» **TRY IT**
Leave out every picture and set down, exactly, the lines below from the one holding "In the window" up to and including the one holding "饼干道具:所需果冻65,消除浅蓝色7格;开始冲浪并消除附近7个浅蓝色果冻".

» **EXERCISE MATERIALS**
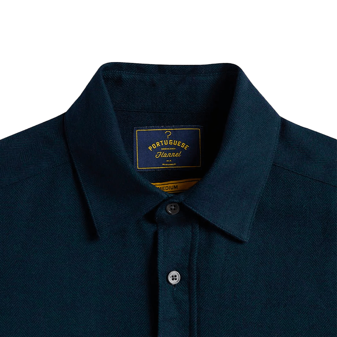 La chemise Espiga de Portuguese Flannel séduit par son motif chevrons subtils et sa teinte verte profonde, idéale pour une allure élégante et contemporaine. Confectionnée au Portugal, elle reflète un savoir-faire artisanal alliant confort et sophistication. Sa texture raffinée et sa coupe intemporelle en font une pièce maîtresse du vestiaire masculin. Une chemise au charme discret mais affirmé.
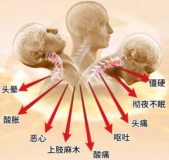 一、颈椎问题:颈椎劳损、曲度变直、反弓,颈部僵硬、脖子疼,头晕、恶心、压迫神经至手麻、眼花、后背酸胀
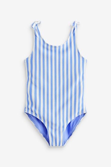 Blue/White Stripe Frill Sleeve Swimsuit (3mths-7yrs)
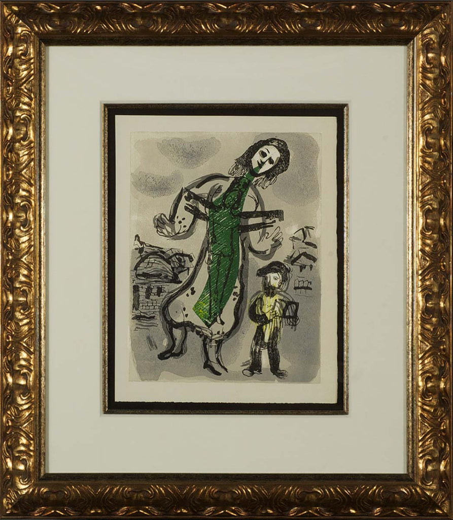"Où est le Jour (#13)" from Marc Chagall's 'Poèmes', 1968. This artwork is a color woodcut on Rives wove paper from the edition of 238. The image size is 13 x 10" and the artwork is framed in an ornate, gold-tone frame. The artwork ships framed and accompanied by a certificate of authenticity.
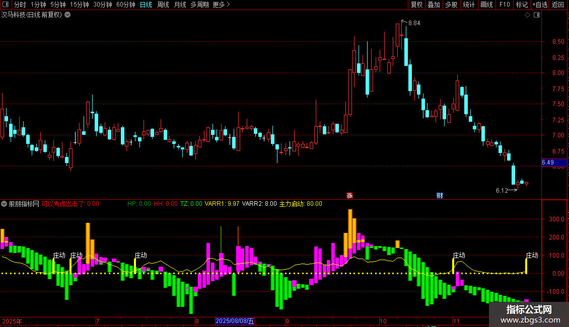 6. 主力启动信号:通过VARR1(一个快速摆动指标)上穿阈值线VARR2来提示短期资金进场或启动迹象,并标注“庄动”文字。
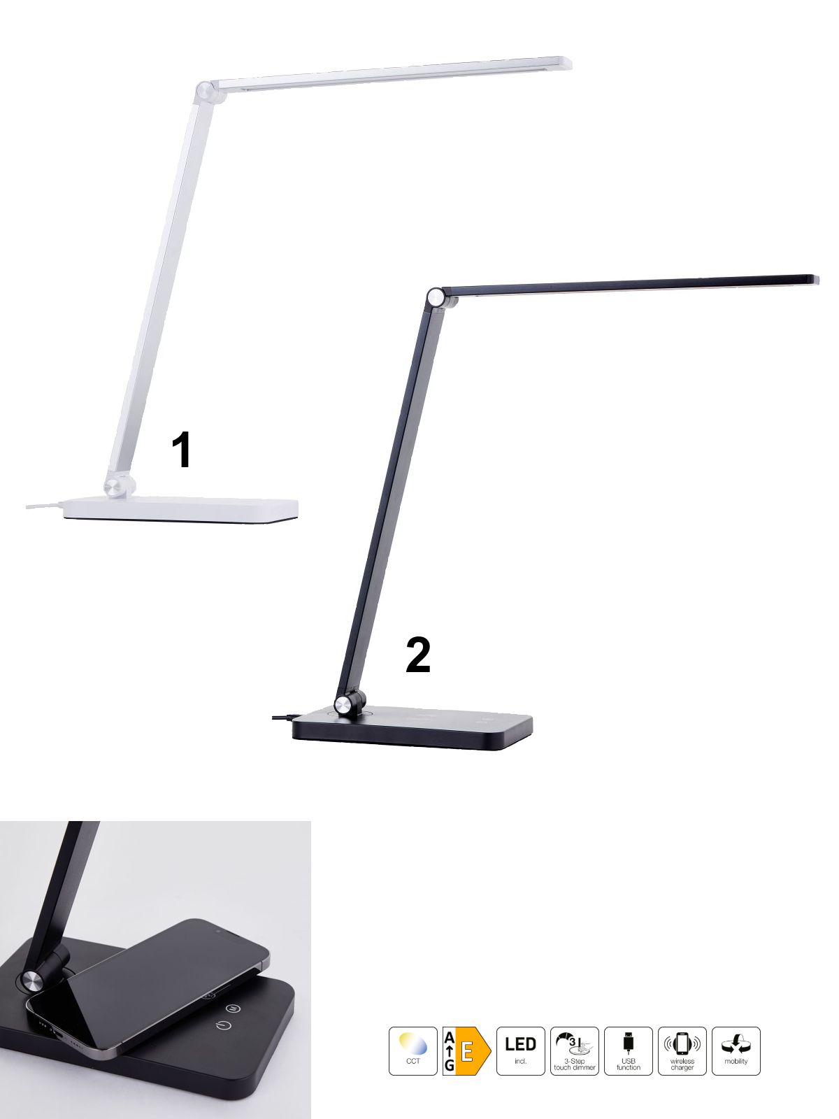 Moderní kancelářská lampička vyrobená z kovu a plastu, nabízí pohodlné bezdrátové nabíjení chytrého telefonu přímo na noze lampičky nebo nabíjení přes USB kabel. Lampa je vybavena dotykovým spínačem, který umožňuje nastavit jas ve třech úrovních, a dokonale tak přizpůsobit světlo vašim potřebám. Hlava lampičky je flexibilní a umožňuje Vám nastavit svícení přesně tam, kam potřebujete. |
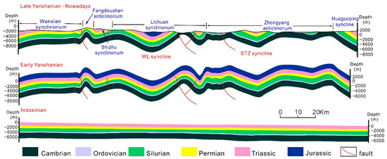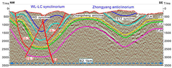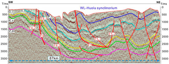 Wulong syncline an overall wide and gentle syncline structure which is located in WL-LC synclinorium. Its two wings are basically symmetrical and strike northeast. The syncline core is near the F5 fault, which can be seen from the NE section. It is cut into WL syncline and Huolu syncline by the F5 fault. From the NW seismic section, the characteristics of the two synclines are similar. The analysis shows that in the early Yanshan period, the strata were compressed in the SE-NW direction and formed a wide and gentle syncline in the NW direction. In the late Yanshan period, it was transformed by east–west compressive stress and divided into two independent synclines. As it is close to Qiyueshan fault zone, Wulong syncline fault is developed, and thrust forms a high, steep and narrow thrust structure, showing the characteristics of barrier fold. The exposed strata of WL syncline are Triassic, and the exposed strata of Huolu syncline are Permian (Figure 6).
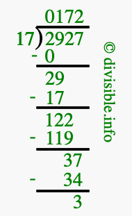 Here we will show you an image that illustrates how to calculate 2927 divided by 17 using long division. We will also give you the answer to 2927 divided by 17 (2927 ÷ 17) as a fraction and as a decimal.
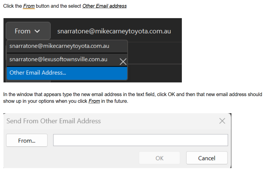 In the window that appears type the new email address in the text field, click OK and then that new email address should show up in your options when you click From in the future.
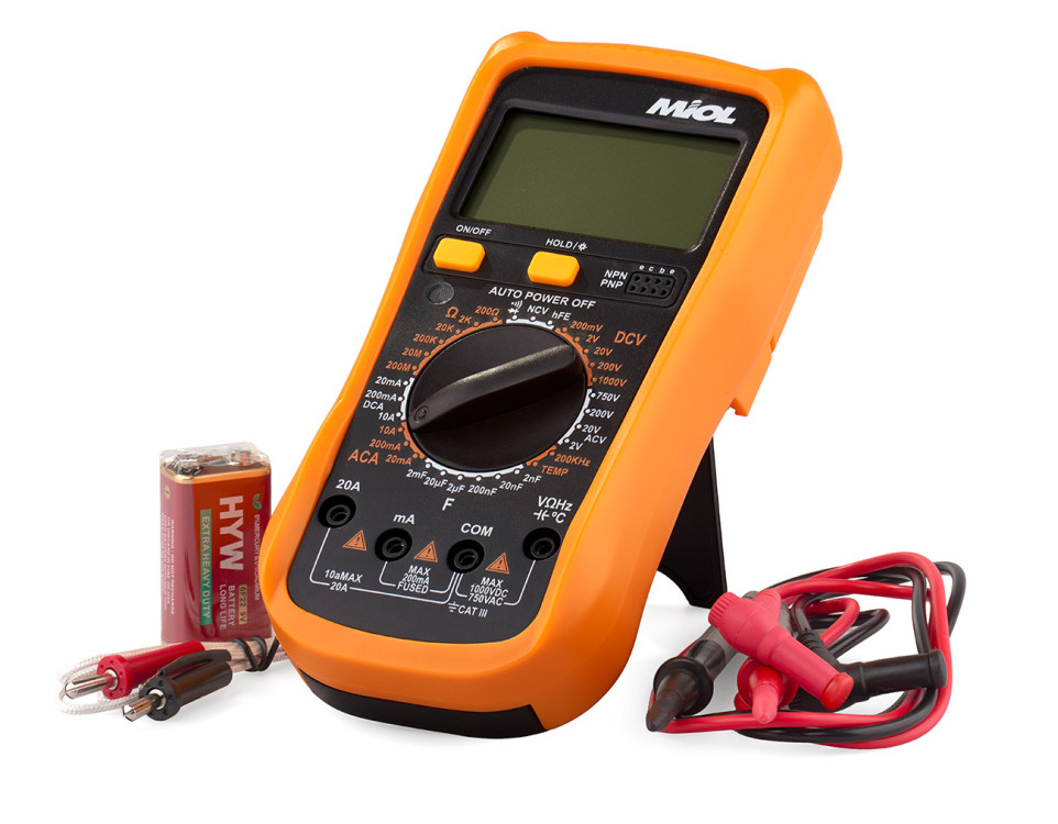 Цифровий мультиметр — це надійний та зручний вимірювальний прилад, призначений для вимірювання основних електричних параметрів: напруги, струму, опору, а також для перевірки діодів і цілісності ланцюгів (прозвону). Завдяки великому РК-дисплею та автоматичним функціям індикації, прилад простий у використанні як для побутових потреб, так і для професійних робіт з електронікою.
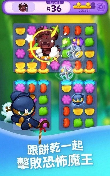 饼干道具:所需果冻65,消除浅蓝色7格;开始冲浪并消除附近7个浅蓝色果冻
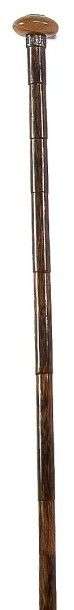 Canne stiletto, à pommeau champignon en corne blonde muni d'un clapet central de fermeture d'où s'éjecte par la force d'inertie une courte lame (17cm) à section quadrangulaire à quatre gorges et maintenue sortie par deux crans d'arrêts latéraux. Bague en métal argenté portant en relief la lettre «L» stylisée, fût en laurier travaillé façon rotin malais, férule en laiton à talon d'acier.
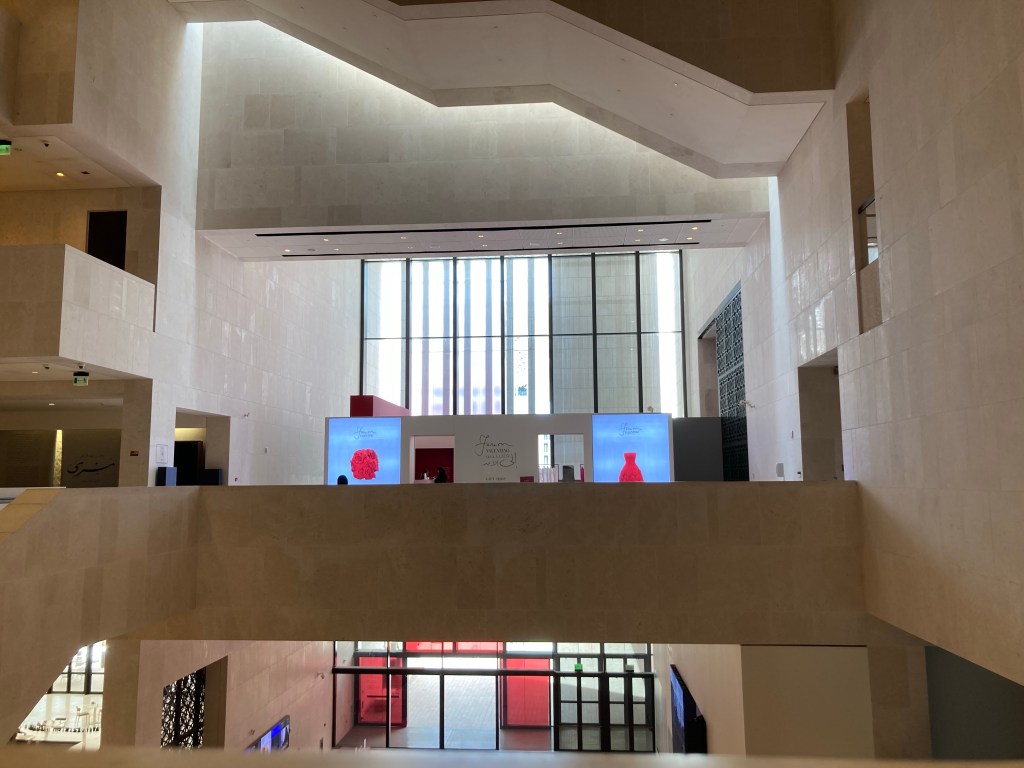 At the M7 Museum at Mshereib, the design district of Qatar, we went off to see the Forever Valentino museum. Women in twos and threes wafted in, walked through elements of the exhibition ooh-ing and aah-ing at gowns worn by Princess Grace of Monaco and Jackie O, and shoes too delicious for words and gorgeous minaudières inspired by the red coral reefs.

» **RESPONSE FOR THIS EXERCISE**
 In the window that appears type the new email address in the text field, click OK and then that new email address should show up in your options when you click From in the future.
 Цифровий мультиметр — це надійний та зручний вимірювальний прилад, призначений для вимірювання основних електричних параметрів: напруги, струму, опору, а також для перевірки діодів і цілісності ланцюгів (прозвону). Завдяки великому РК-дисплею та автоматичним функціям індикації, прилад простий у використанні як для побутових потреб, так і для професійних робіт з електронікою.
 饼干道具:所需果冻65,消除浅蓝色7格;开始冲浪并消除附近7个浅蓝色果冻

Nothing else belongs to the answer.